Is this for the damp clayey meadow referred to in your other thread? If so, it will depend a whole big lot on HOW damp, and also depend on how wet it is in late winter early spring in particular.
If it is only "kinda" clayey and "kinda" damp, you might be able to grow some selected varieties of flowering crabapples, some of them are quite brightly colored. Or intelligently-selected ornamental plums or Canada plum. If also reasonably sheltered from wind and doesn't bake in summer, you might be able to grow witchhazel (certainly the fall-blooming one but its flowers are nearly invisible; but I'm speaking more of the slightly-less-hardy spring blooming ones, e.g.
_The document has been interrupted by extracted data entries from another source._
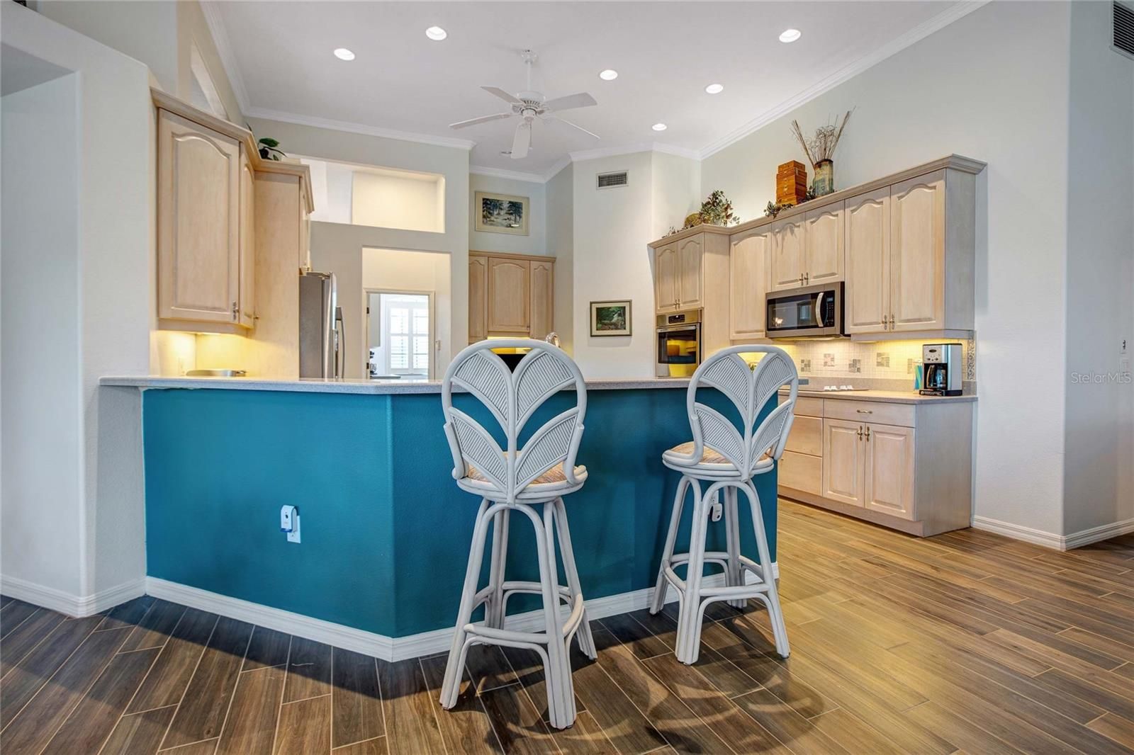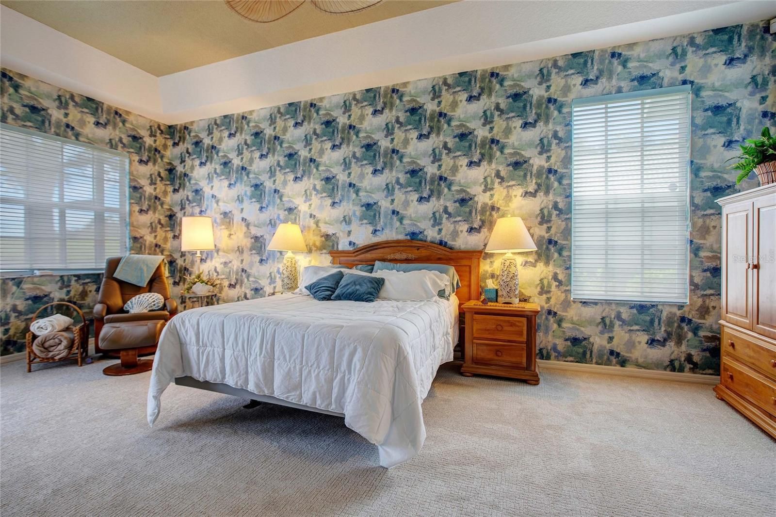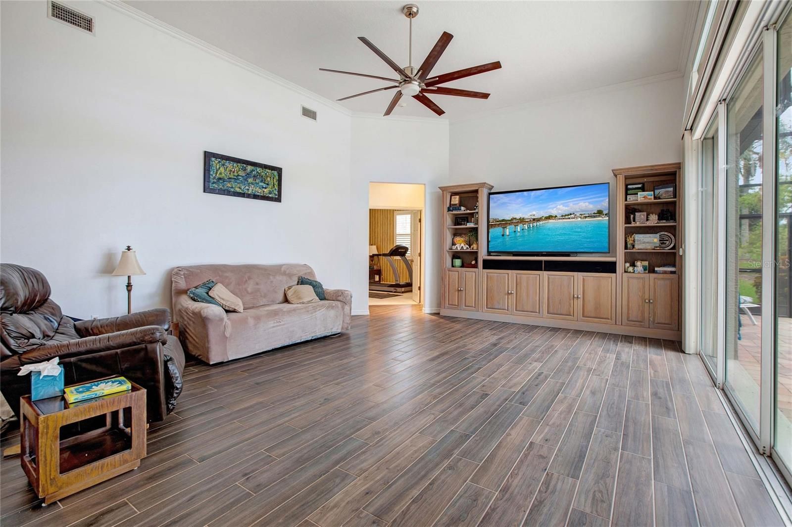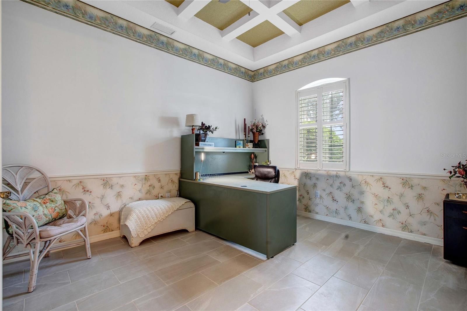 Elegant Florida Living in a Private Gated Golf Community. Nestled at the end of a peaceful cul-de-sac in The Reserve, one of Venice’s most beautiful sought after gated golf course communities. This beautifully maintained home offers the perfect balance of refined living, modern upgrades, and effortless comfort. The property provides rare privacy, elevated design, and peace of mind — ideal for those who expect more from their home. From the moment you arrive, you're greeted by a custom paver circular driveway—reset, stained, and sealed in 2022 for a polished first impression. In 2024, the community roads were fully redone and sealed, and in 2021, a hurricane-rated garage door was installed to meet today’s highest standards of safety and design. New tile roof installed January of 2025 in neutral gray shade to match the paver brick driveway. This elevated lot was thoughtfully built up at the time of construction for superior flood protection and drainage, while a well-fed irrigation system keeps the lush landscape vibrant. The left corner of the lot was thoughtfully planted with native Florida vegetation, enhancing both privacy and ecological integrity. It provides a large side yard full of shade, beauty and privacy. It’s rare to find a home with both a golf course view and a large private yard. Inside, every detail was thought out with both quality and intention. High tray ceilings throughout, coffered ceiling in the den, crown molding, several walk in closets, and built-in features and storage will show that this home is truly one of a kind. Custom built-in window seating in the kitchen offers convenient places to tuck away pool towels or holiday decor. Built in entertainment center in family room features an 80-inch tv, magnetic panels that lift away to hide wires and connected devices, as well as storage and display options. There is an additional storage closet on lanai as well as three closets in garage to keep all of your work and play items organized and away when not in use. The primary suite bathroom was fully redesigned in late 2021, featuring a custom built double vanity with quartz countertops, elegant basin sinks, fountain-style faucets, and a built-in seated vanity area—perfect for a tranquil start to your day. Wide plank wood-style tile flooring (2020) flows through the kitchen, great room, and laundry, adding warmth and cohesion to the living spaces. The den features brand-new tile 2025, while the primary bedroom carpet was just updated in 2025 as well. Additional features include a Moen smart water detection system, newer water heater, large A/C unit (5 years old), and all appliances replaced within the past 5 years, ensuring efficient performance and contemporary style. The pool was recently re-screened as well and rust proof bolts added to ensure integrity of the structure. The Plantation offers easy access to golf, tennis, pickle-ball or social activities. Location is convenient to beaches, restaurants, and all Venice has to offer. Homes like this—with a private cul-de-sac lot, golf course views, spacious yard, and original ownership spanning 23 years—rarely come to market. Every detail has been carefully curated, offering move-in-ready ease and enduring quality in one of Florida’s most desirable communities. Don’t miss your chance to experience elegant, effortless Florida living at its finest.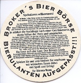 BROKER’S BIER BÖRSE / BIERULANTEN AUFGEPASST!!! / Spekulieren willkommen! / In Broker’s Bier Börse stehen die Getränkepreise nicht fest, sondern werden von der Nachfrage bestimmt, .h. von Ihnen und anderen Gästen. / Ihre Bestellung wird in unser Kassensystem eingegeben, das mit unserem Börsenrechner verbunden ist. Dieser errechnet im Zwei-Minuten-Rhythmus den jeweils aktuellen Kurs für die verschiedenen Getränke und überträgt sie auf die Monitore, die gut einsehbar im Gastraum plaziert sind. / Je stärker die Nachfrage nach einer Getränkesorte, desto höher der Getränkepreis und umgekehrt. / Die Kurse können dabei z.B. von DM 2,40 für das 0,30 L-Glas Bier bis zu einem astronomischen, nach oben vollkommen offenen Preis reichen. Sie bezahlen den Preis, der zum Zeitpunkt Ihrer Bestellung auf den Monitoren angezeigt wird. Mit Ihrer Bestellung (Ihrer “Order”) erhalten Sie eine ausgedruckte Bestätigung (Coupon), auf der der aktuelle Preis und die Nummer der Zeitzone vermerkt ist, in der Sie Ihr Getränk bestellt haben - diesen Preis zahlen Sie auch dann, wenn zum Zeitpunkt der Servierung z.B. Ihres Bieres der Preis für diese Sorte längst wieder kräftig angezogen hat - wofür nicht zuletzt Ihre Bestellung verantwortlich war. / Da freut sich der Gast: Der Börsen-Crash / In unregelmäßigen Abständen passieren Börsen-Crashs und die Getränkepreise sacken für einige Minuten (fast) ins Bodenlose. Hier profitiert derjenige, der den Börsenkurs aufmerksam verfolgt hat und eine schnelle Bestellung (“Order”) unterbringen kann. / Spiele Sie mit und bleiben Sie wachsam - wir wünschen Ihnen dabei viel Spaß und Erfolg! Ihr Börsen-Team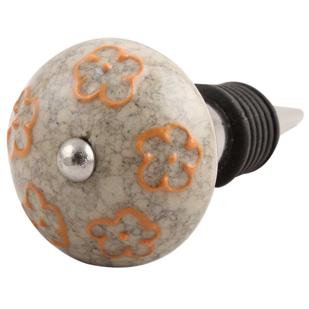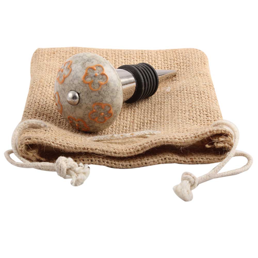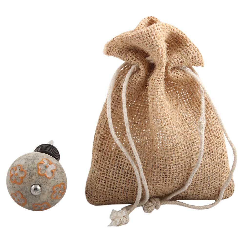 Mustard Floral Crackle Ceramic Wine Stopper.zinc alloy wine bottle stopper with attractive Jute Bag Packaging.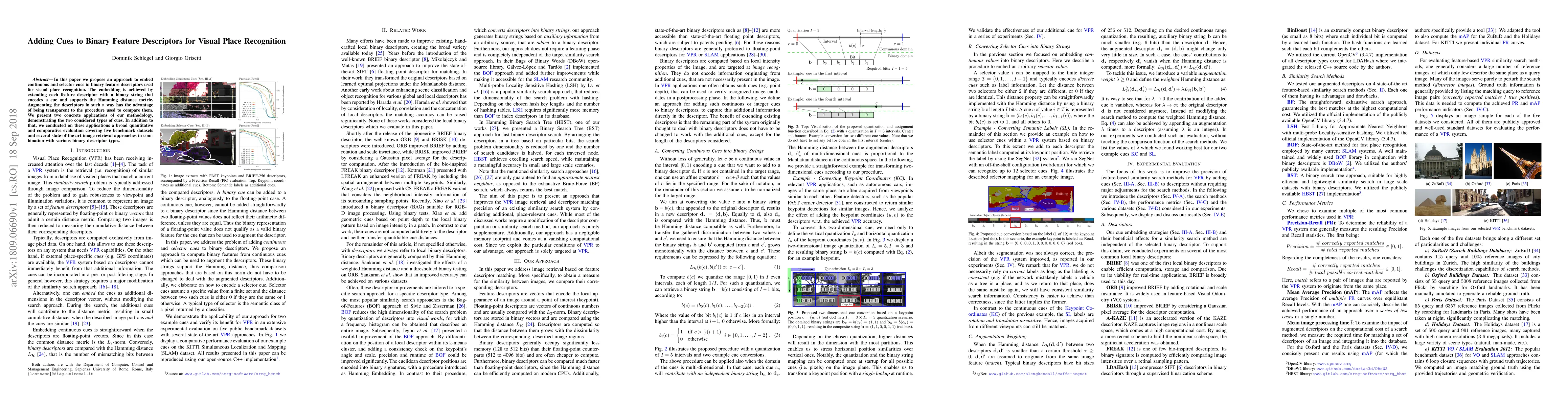 In this paper we propose an approach to embed continuous and selector cues in binary feature descriptors used for visual place recognition. The embedding is achieved by extending each feature descriptor with a binary string that encodes a cue and supports the Hamming distance metric. Augmenting the descriptors in such a way has the advantage of being transparent to the procedure used to compare them. We present two concrete applications of our methodology, demonstrating the two considered types of cues. In addition to that, we conducted on these applications a broad quantitative and comparative evaluation covering five benchmark datasets and several state-of-the-art image retrieval approaches in combination with various binary descriptor types.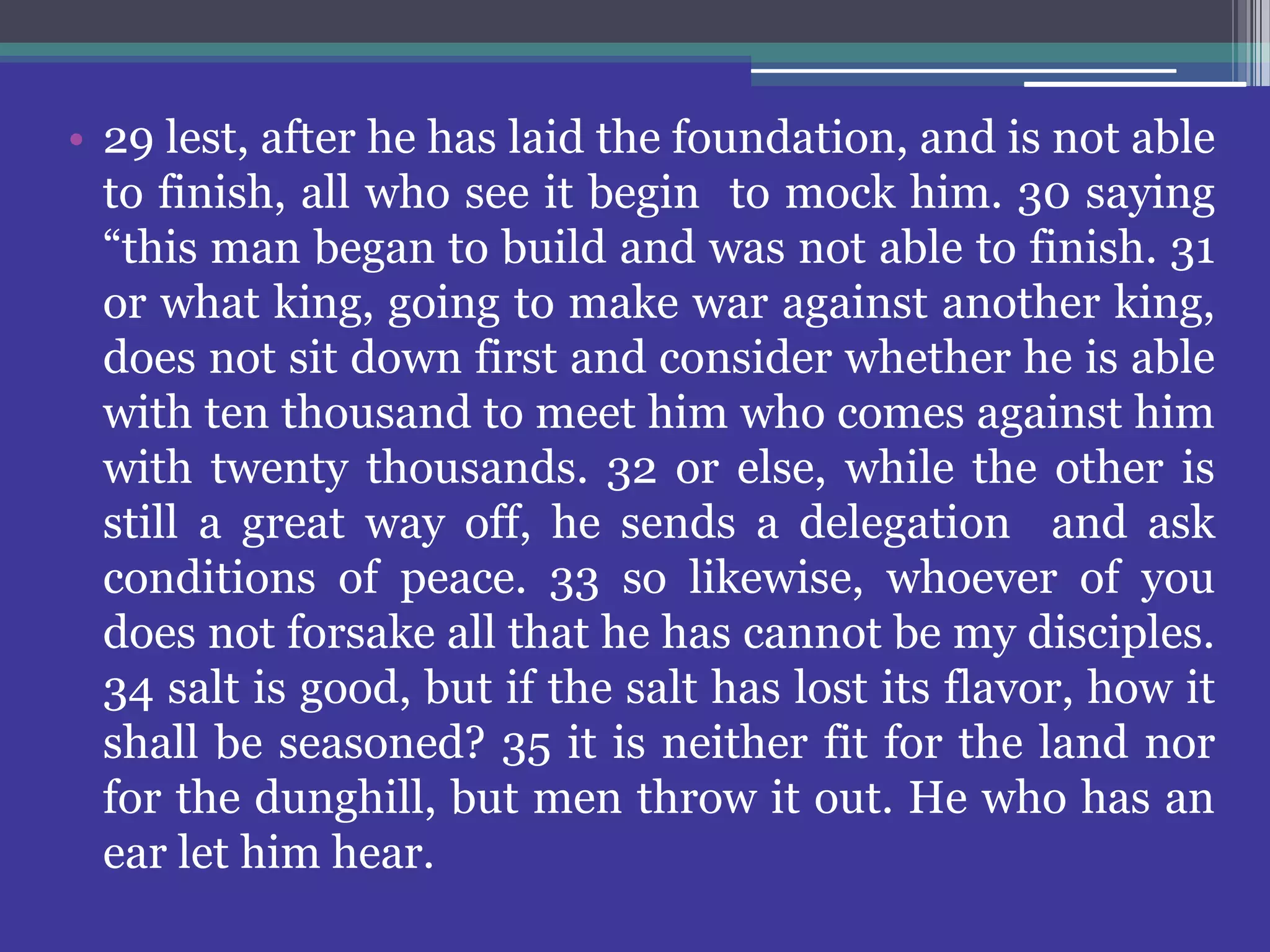 3. Becoming a disciple requires careful consideration, as in building a tower or going to war, to count the full cost and ensure one is able to finish.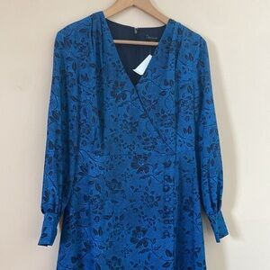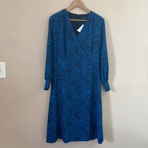 Blooming with fresh florals and button trim, our wrap-effect dress is a sweet pick. V-neck with crossover front. Long sleeves with button cuffs. Shirred shoulder seams. Pleated waist seam. Button wrap edge. Hidden back zipper with hook-and-eye closure. Lined body.
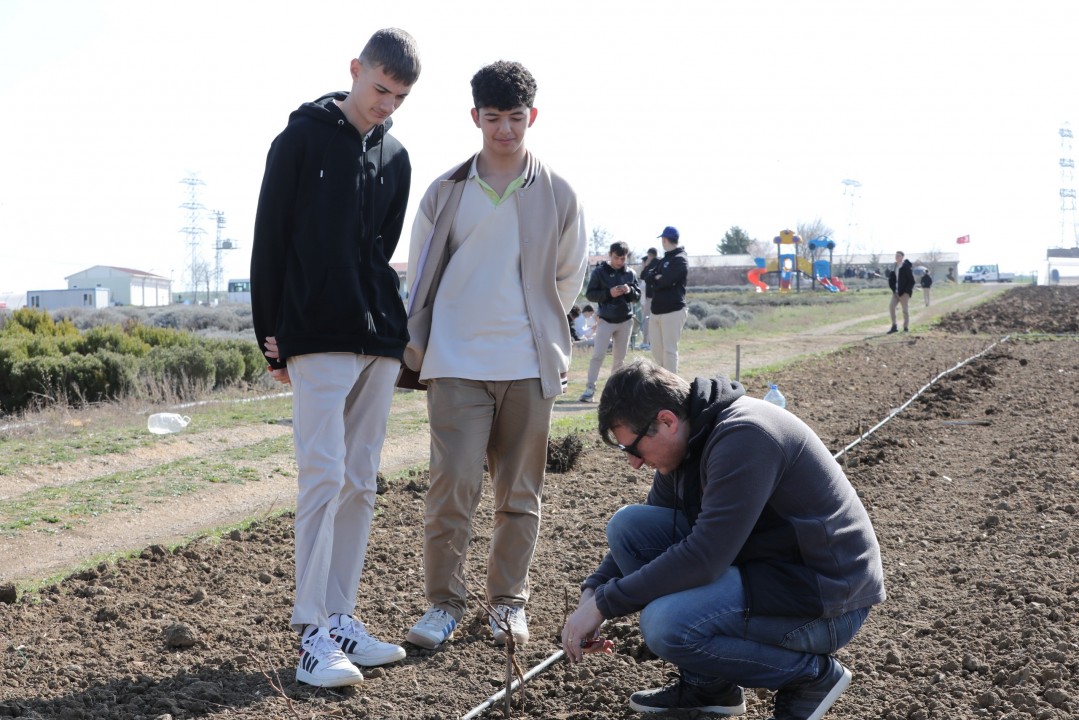Okulumuz, tarımın geleceğini şekillendirecek genç profesyonelleri yetiştirme hedefiyle uygulamalı eğitimlere büyük önem veriyor. Bu kapsamda dikilen asma fidanlarının gelişim süreci öğrenciler tarafından düzenli olarak izlenecek; sulama, budama ve bakım çalışmaları yine onların katkılarıyla sürdürülecek.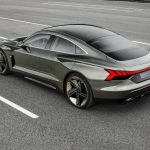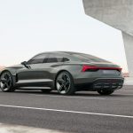Puterea este confirmată de un look agresiv, dinamic, care are șanse mari să ajungă fără alterări majore și la versiunea de serie, care va intra în producție în 2020. Grila uriașă hexagonală, farurile Matrix LED și bara cu linii sportive alcătuiesc o parte frontală îndrăzneață. E-Tron GT aleargă pe jante de 22 de inci cu anvelope de 285/30, iar mânerele sunt ascunse în portiere. Acestea din urmă au șanse mici să se regăsească și la versiunea de serie.

Arnold Promise)
If it is really pretty darn clayey and too damp for crabapples, you could still perhaps grow Bradford (ornamental) pears if they are hardy in your area (I forget, you'd have to look it up)
If you would accept bushes, a variety of Viburnums do well on damp clay and have large flat clusters of white flowers in late spring (around now, up here) although they do not stay in flower very long but some have noticeable berries in fall. Some of the Viburnums can get pretty big. Likewise with elders, which are even more moisture-tolerant. Also lilacs can be reasonably clay-tolerant tho they won't take real damp conditions.
Honestly though, "damp heavy clay" and "flowering woody plants" and "zone 5" are not things that go together well, sorry. You may have to look more to foliage color if you want colorful trees, or *flowers* for color.